■ What you should do
Taking only the lines of the data below from the line with "トップス レディース 中華風" to the line with "Для удаления заведенных", ends included, write them out exactly and without pictures.

■ Dataset extract
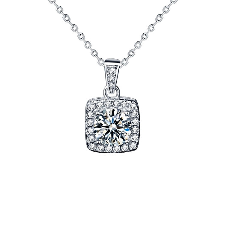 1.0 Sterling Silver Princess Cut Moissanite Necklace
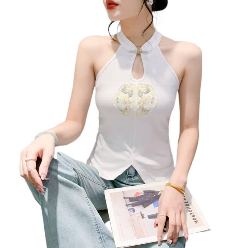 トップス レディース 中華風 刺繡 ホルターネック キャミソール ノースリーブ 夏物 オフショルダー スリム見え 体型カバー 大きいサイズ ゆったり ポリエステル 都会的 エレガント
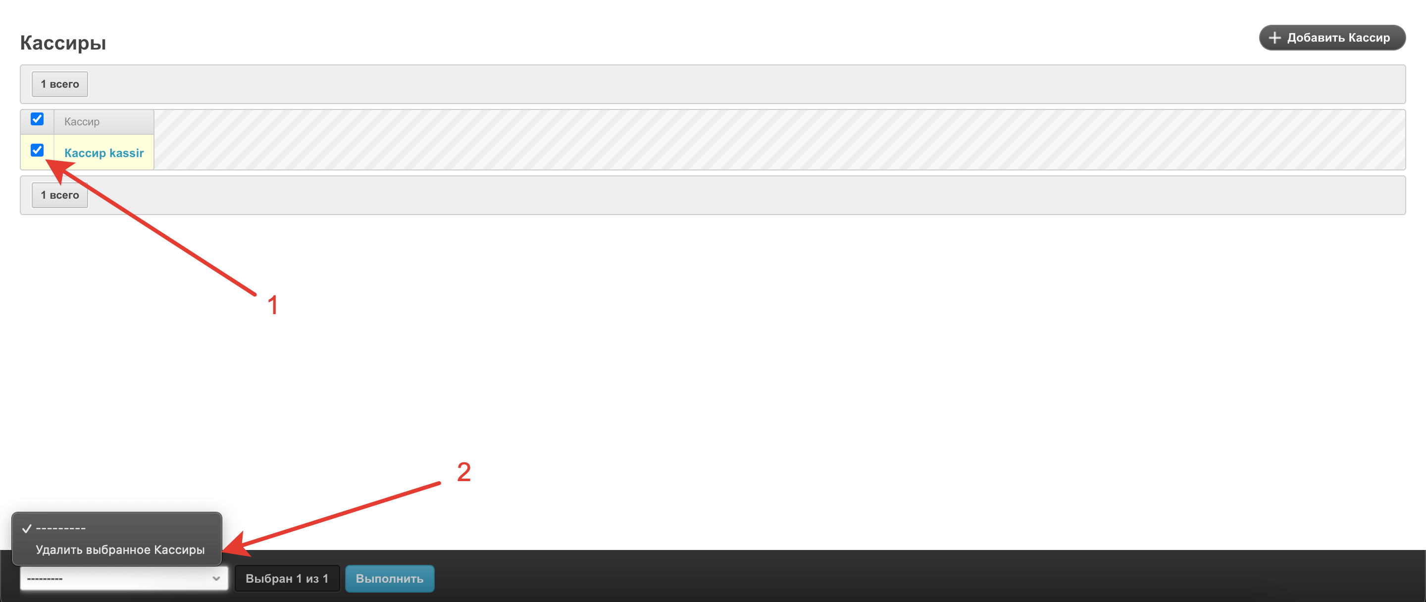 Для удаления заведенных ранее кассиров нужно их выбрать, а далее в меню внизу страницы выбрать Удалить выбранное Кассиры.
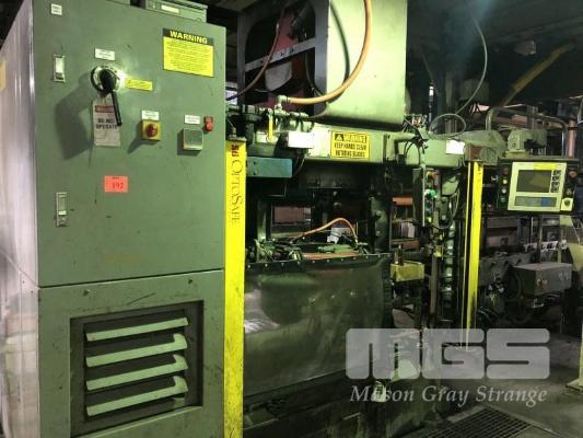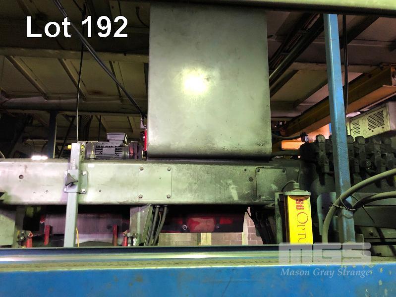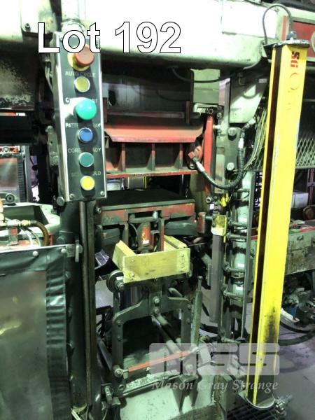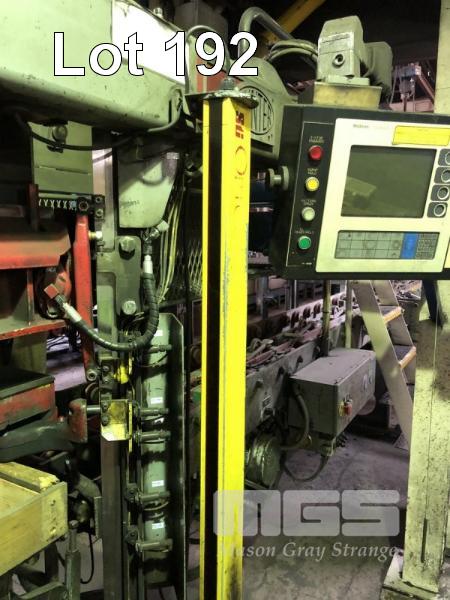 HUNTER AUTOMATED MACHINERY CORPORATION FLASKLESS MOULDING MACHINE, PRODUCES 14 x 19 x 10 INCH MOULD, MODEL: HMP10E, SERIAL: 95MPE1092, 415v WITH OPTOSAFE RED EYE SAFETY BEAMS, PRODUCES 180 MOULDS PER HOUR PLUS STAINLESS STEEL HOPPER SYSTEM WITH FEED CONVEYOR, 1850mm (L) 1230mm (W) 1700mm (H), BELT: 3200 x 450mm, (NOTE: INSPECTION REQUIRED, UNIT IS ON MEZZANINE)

■ Expected answer
 トップス レディース 中華風 刺繡 ホルターネック キャミソール ノースリーブ 夏物 オフショルダー スリム見え 体型カバー 大きいサイズ ゆったり ポリエステル 都会的 エレガント
 Для удаления заведенных ранее кассиров нужно их выбрать, а далее в меню внизу страницы выбрать Удалить выбранное Кассиры.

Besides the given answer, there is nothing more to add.